Thirteen months ago to the day, Barcelona met Bayern Munich in a Champions League quarter-final. The circumstances were unusual. It was not long after the peak of the Covid-19 pandemic, so the contest was played over one leg, on neutral territory in Lisbon. Bayern had just won their eighth successive Bundesliga. Barca had just been deposed as Spanish champions.
The match, the most glamorous, on paper, of that season’s last-eight match-ups, started frenetically. It was 1-1 after seven minutes. Bayern players had scored both goals, David Alaba steering a Jordi Alba cross past his own goalkeeper, Manuel Neuer after Thomas Muller had given Bayern a fourth-minute lead.
It promised a goal-fest. Lionel Messi felt fearful about whose goal-fest it would turn out to be.
Barcelona employees contributed three of the 10 goals on the night. Unfortunately for the Catalan club two of them were scored by Philippe Coutinho, who was rounding off his loan spell at Bayern in what was only his second full season as Barca’s most expensive-ever signing. Coutinho struck Bayern’s goals number seven and eight - against his parent club.
Even when Luis Suarez pulled the score back to 4-2 down with 33 minutes to go, there seemed little hope for Barca, although Antoine Griezmann’s impact off the bench at half-time had improved a dire situation for a period.
Fast forward to Tuesday’s Champions League group phase-opener, the first Barca-Bayern contest since then. Much has changed. Both clubs have different head managers, Ronald Koeman having very promptly replaced the luckless Quique Setien. Bayern, who won the 2020 final under Hansi Flick, have recently appointed 34-year-old Julian Nagelsmann.
Although Nagelsmann has injury doubts for tonight over strikers Serge Gnabry and Robert Lewandowski, he has inherited a squad as strong, on paper, as the one that walloped Barca in Lisbon. Alaba and Jerome Boateng have departed from the defence, but Dayot Upamecano has been signed for €43 million to cover that gap. Bayern are among the favourites for this season’s European Cup.

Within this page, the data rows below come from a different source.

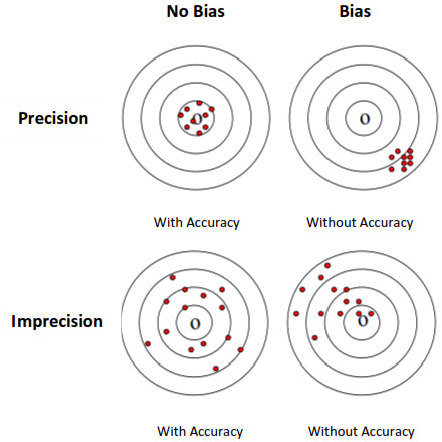 An unbiased and precise estimator is one that identifies values very near the bullseye, with significant accuracy. A precise, but biased, estimator is one that predicts values near each other but far from the correct value. An unbiased but imprecise estimator chooses values are far from each other and that also miss the bullseye, despite being evenly dispersed around it. Finally, a biased and imprecise estimator selects values that are scattered far from each other and miss the bullseye, but are not evenly spaced around it, instead showing a tendency for error in a particular direction. Figure 1 illustrates these concepts.
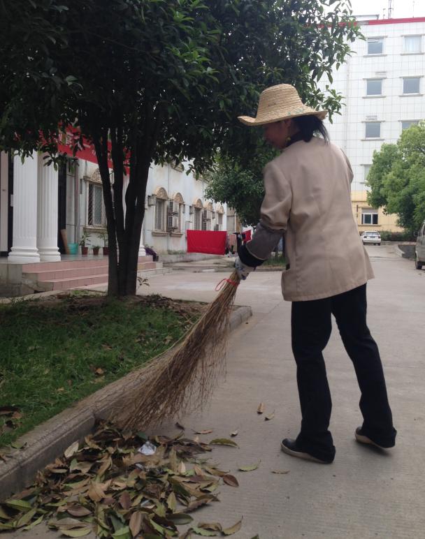 3月樟树落叶的季节,也是梅雨的季节。外围员工区域大,校园临近湖边,湖风较大,地上总是吹满了厚厚的落叶,前面扫后面落的,给保洁工作带来了很大的难度。为了保证地面的干净整洁,保洁员一天要不间断的清扫四次,这些落叶成了保洁员们每天的必修课。她们将落叶用扫帚扫成一堆,然后放到大的垃圾袋里,汗水已经浸汗了她们的衣裳,但她们全然不顾,仍在不停地扫着。随着时间的推移,保洁工的身边已经摆满了一袋袋的树叶,都是他们辛勤的汗水所至。
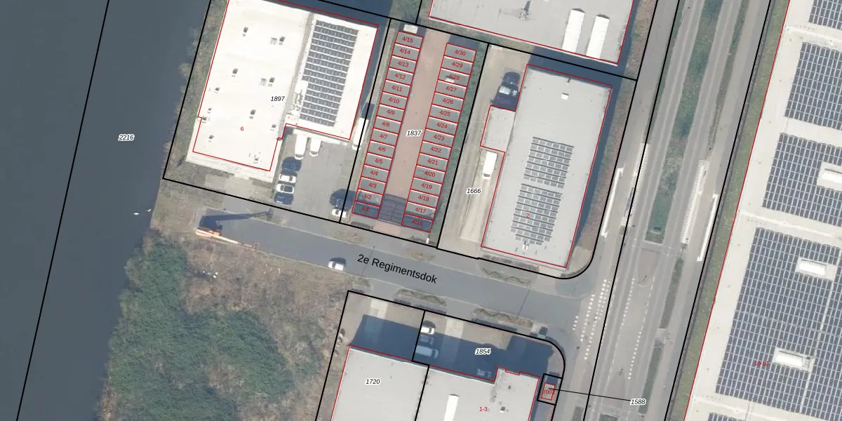 Het perceel waarop 2e Regimentsdok 4-17 staat heeft een oppervlakte van 1200 m². Dit is een zeer groot perceel. De perceeloppervlakte wordt geregistreerd door het Kadaster. Gedetailleerde informatie over de maten van dit perceel kunt u vinden in het rapport Kadastrale kaart met maatvoering van 2e Regimentsdok 4-17.
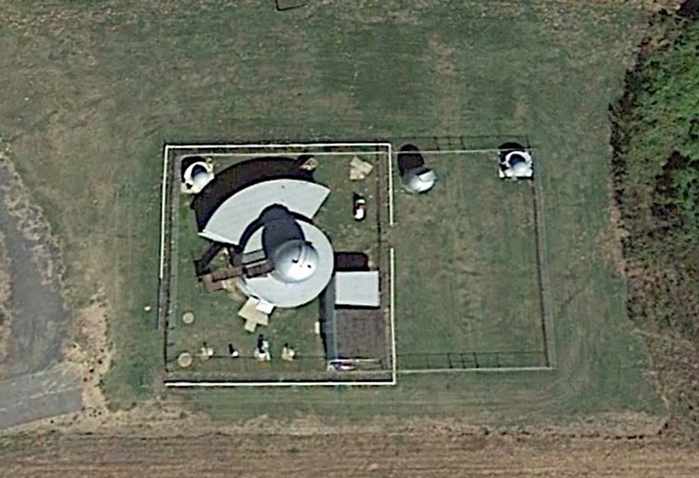 The dome contains a 14 inch Meade SCT. The flat-top building on the right contains a 6 inch refractor.

Koeman can hardly make the same claim of Barcelona. The then and now comparisons with August 2020 are painful, and go beyond the haunting recollection of Lisbon. “Several players suffered a lot after that game,” Koeman acknowledged on Monday.
Several have also left Camp Nou, which is the greater concern. For the first time in 17 years, Barcelona begin a European campaign without Messi, now of Paris Saint-Germain. Suarez is long gone, now joined at Atletico Madrid by Griezmann.
The strikeforce Koeman selects today will look a pale shadow of what he inherited from the luckless Setien, let alone the Messi-Neymar-Suarez trio who won Barca their last Champions League title, in 2015.
Luuk De Jong, the 31-year-old Dutch target man signed on loan from Sevilla on transfer deadline day, may make his debut against Bayern. It is the sort of fixture he might have thought very unlikely to ever feature on his zig-zag career path when he was going through his barren scoring spells at Borussia Monchengladbach (six goals in 36 Bundesliga games) and Newcastle United (no goals in 12 Premier League appearances).
Barcelona have shed superstar forwards in favour of lesser lights largely because of suffocating debts, and a financial crisis exacerbated by Covid-19 emptying stadiums. But they are far from the only fallen heavyweight fearing that the return of supporters to some of Europe’s biggest arenas will confront fans with close-up evidence of lowered standards.
Take Inter Milan, who tomorrow take on Real Madrid in Milan. The echoes of last season’s Champions League meetings between those two clubs will be many. Madrid and Inter, the Italian champions, both struggled when they shared a group, Madrid crawling up from third spot only on the last match day, Inter finishing bottom. And that was while Inter were still coached by Antonio Conte and had Romelu Lukaku up front. Both left during the summer.
Liverpool versus AC Milan, which will open up Group B, has a storied past to catch up on, too, a special resonance for English and Italian football’s most successful clubs in terms of the European Cup. But for Milan, who lost dramatically to Liverpool in the 2005 final, and beat them in Athens two years later, this reunion looks daunting because of their rustiness at this level of competition. Milan are returning to Europe’s most prestigious competition for the first time in seven largely bleak years.
“This match has not come at a great time,” said Koeman yesterday of Bayern’s visit, “because we have had to make a lot of changes.” He could have been speaking for several so-called superclubs.